*** Begin section ***

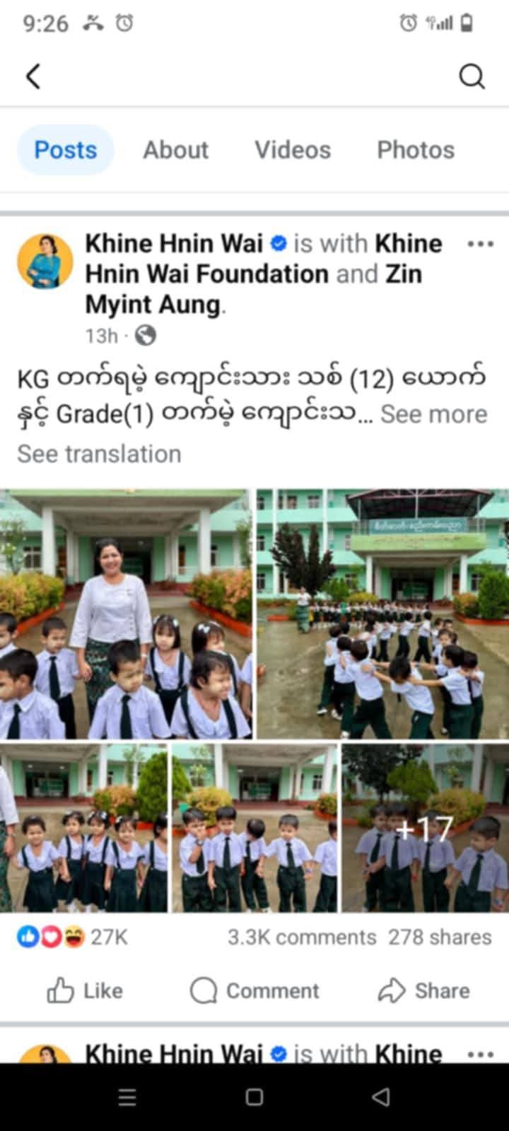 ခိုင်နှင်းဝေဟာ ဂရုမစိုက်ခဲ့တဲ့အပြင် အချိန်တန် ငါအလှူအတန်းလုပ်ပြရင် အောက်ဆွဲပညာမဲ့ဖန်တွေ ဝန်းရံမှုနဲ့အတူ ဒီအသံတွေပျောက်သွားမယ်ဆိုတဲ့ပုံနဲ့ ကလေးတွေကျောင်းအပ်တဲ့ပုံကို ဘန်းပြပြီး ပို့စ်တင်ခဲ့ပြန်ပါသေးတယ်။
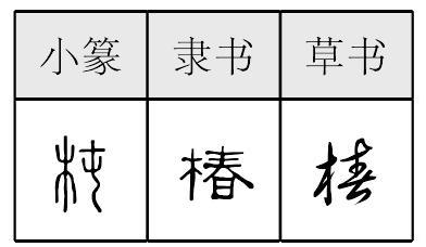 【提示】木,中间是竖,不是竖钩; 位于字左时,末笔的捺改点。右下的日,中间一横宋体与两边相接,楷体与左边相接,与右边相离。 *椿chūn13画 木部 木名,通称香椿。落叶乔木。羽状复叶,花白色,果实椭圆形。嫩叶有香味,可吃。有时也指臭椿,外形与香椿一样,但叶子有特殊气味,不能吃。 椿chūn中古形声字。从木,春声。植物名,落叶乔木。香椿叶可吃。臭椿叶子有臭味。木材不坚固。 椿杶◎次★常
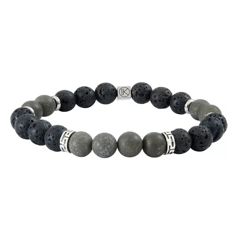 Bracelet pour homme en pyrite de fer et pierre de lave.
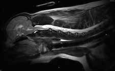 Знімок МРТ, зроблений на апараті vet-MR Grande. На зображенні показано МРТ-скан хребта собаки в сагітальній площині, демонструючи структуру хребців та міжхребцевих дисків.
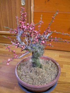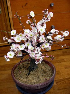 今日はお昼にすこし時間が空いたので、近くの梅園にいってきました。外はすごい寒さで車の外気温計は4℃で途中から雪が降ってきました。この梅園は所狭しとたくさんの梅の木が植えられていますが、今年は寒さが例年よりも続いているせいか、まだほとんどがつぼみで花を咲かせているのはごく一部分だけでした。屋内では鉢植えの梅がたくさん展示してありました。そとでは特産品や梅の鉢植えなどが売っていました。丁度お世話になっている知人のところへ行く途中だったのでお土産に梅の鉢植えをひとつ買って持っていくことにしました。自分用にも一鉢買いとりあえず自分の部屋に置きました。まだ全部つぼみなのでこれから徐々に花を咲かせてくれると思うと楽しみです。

*** End section ***

Work instructions:
What is needed is an exact reproduction of the data, pictures excluded.

Finished exercise:
 ခိုင်နှင်းဝေဟာ ဂရုမစိုက်ခဲ့တဲ့အပြင် အချိန်တန် ငါအလှူအတန်းလုပ်ပြရင် အောက်ဆွဲပညာမဲ့ဖန်တွေ ဝန်းရံမှုနဲ့အတူ ဒီအသံတွေပျောက်သွားမယ်ဆိုတဲ့ပုံနဲ့ ကလေးတွေကျောင်းအပ်တဲ့ပုံကို ဘန်းပြပြီး ပို့စ်တင်ခဲ့ပြန်ပါသေးတယ်။
 【提示】木,中间是竖,不是竖钩; 位于字左时,末笔的捺改点。右下的日,中间一横宋体与两边相接,楷体与左边相接,与右边相离。 *椿chūn13画 木部 木名,通称香椿。落叶乔木。羽状复叶,花白色,果实椭圆形。嫩叶有香味,可吃。有时也指臭椿,外形与香椿一样,但叶子有特殊气味,不能吃。 椿chūn中古形声字。从木,春声。植物名,落叶乔木。香椿叶可吃。臭椿叶子有臭味。木材不坚固。 椿杶◎次★常
 Bracelet pour homme en pyrite de fer et pierre de lave.
 Знімок МРТ, зроблений на апараті vet-MR Grande. На зображенні показано МРТ-скан хребта собаки в сагітальній площині, демонструючи структуру хребців та міжхребцевих дисків.
 今日はお昼にすこし時間が空いたので、近くの梅園にいってきました。外はすごい寒さで車の外気温計は4℃で途中から雪が降ってきました。この梅園は所狭しとたくさんの梅の木が植えられていますが、今年は寒さが例年よりも続いているせいか、まだほとんどがつぼみで花を咲かせているのはごく一部分だけでした。屋内では鉢植えの梅がたくさん展示してありました。そとでは特産品や梅の鉢植えなどが売っていました。丁度お世話になっている知人のところへ行く途中だったのでお土産に梅の鉢植えをひとつ買って持っていくことにしました。自分用にも一鉢買いとりあえず自分の部屋に置きました。まだ全部つぼみなのでこれから徐々に花を咲かせてくれると思うと楽しみです。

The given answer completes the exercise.